WASHINGTON - CMS made a final determination March 23 that it will expand the use of home oxygen for Medicare beneficiaries participating in an approved clinical trial sponsored by the National Heart, Lung & Blood Institute.

As part of the trial, oxygen therapy will be provided to beneficiaries with arterial oxygen partial measurements of 56 mmHg to 65 mmHg or oxygen saturation at or more than 89%.

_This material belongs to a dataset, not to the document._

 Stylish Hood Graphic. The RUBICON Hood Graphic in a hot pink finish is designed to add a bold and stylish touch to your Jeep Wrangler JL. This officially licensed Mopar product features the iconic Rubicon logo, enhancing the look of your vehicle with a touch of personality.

CMS currently covers beneficiaries with arterial oxygen partial measurements of 55 mmHg or less or oxygen saturation less than 88%. If certain diseases/conditions are present, the agency covers beneficiaries with measurements of 56 mmHg to 60 mmHG or saturation of 89%.

"This is an important opportunity to improve the care of our seniors, and to get better evidence on how doctors and patients can achieve the best outcomes for this serious and hard to treat condition," said CMS Administrator Mark McClellan in statement.

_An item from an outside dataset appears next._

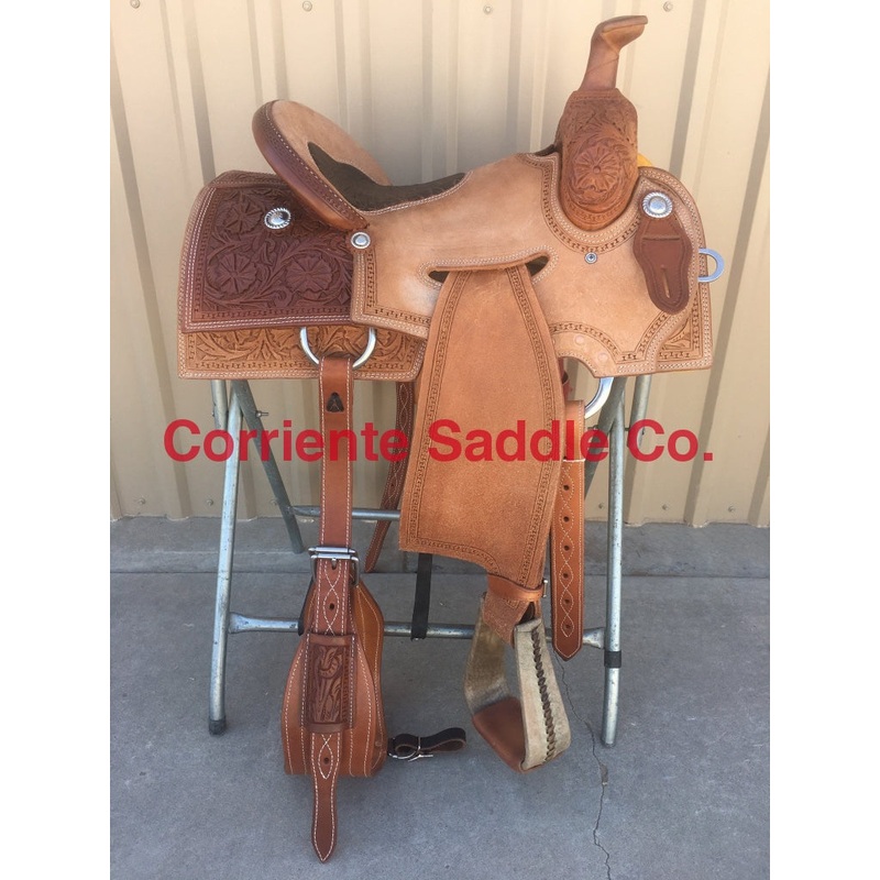 This saddle is built on a wooden rawhide covered tree and comes with a latigo, back flank, stirrups, back billits and offstrap. To order give us a call or email us and we will get started on one for you. We take Visa, Mastercard and Discover. We offer seat sizes 14″ inch, 14.5″ inch, 15″ inch, 15.5″ inch, 16″ inch, 16.5 inch, 17″ inch, and 18″ inch in this saddle. On any saddle, we can add your brand, custom lettering, upgraded conchos, upgraded stirrups, etc. Trophy lettering is available for $50 as well on any saddle.

The final determination ensures funding for all clinical items and services needed by patients enrolled in the trial.

Until now, there has been little research conducted on the effects of long-term oxygen therapy (LTOT) for beneficiaries with measurements of 56 mmHg to 59 mmHg.

One study, the Nocturnal Oxygen Therapy Trial (NOTT) study, found that patients with measurements of 56 mmHg to 59 mmHg "should also be considered for LTOT," but the study involved a small test group. LTOT could prevent the condition of these beneficiaries, especially those with co-morbid diseases, from worsening, industry sources said (See HME News February 2006).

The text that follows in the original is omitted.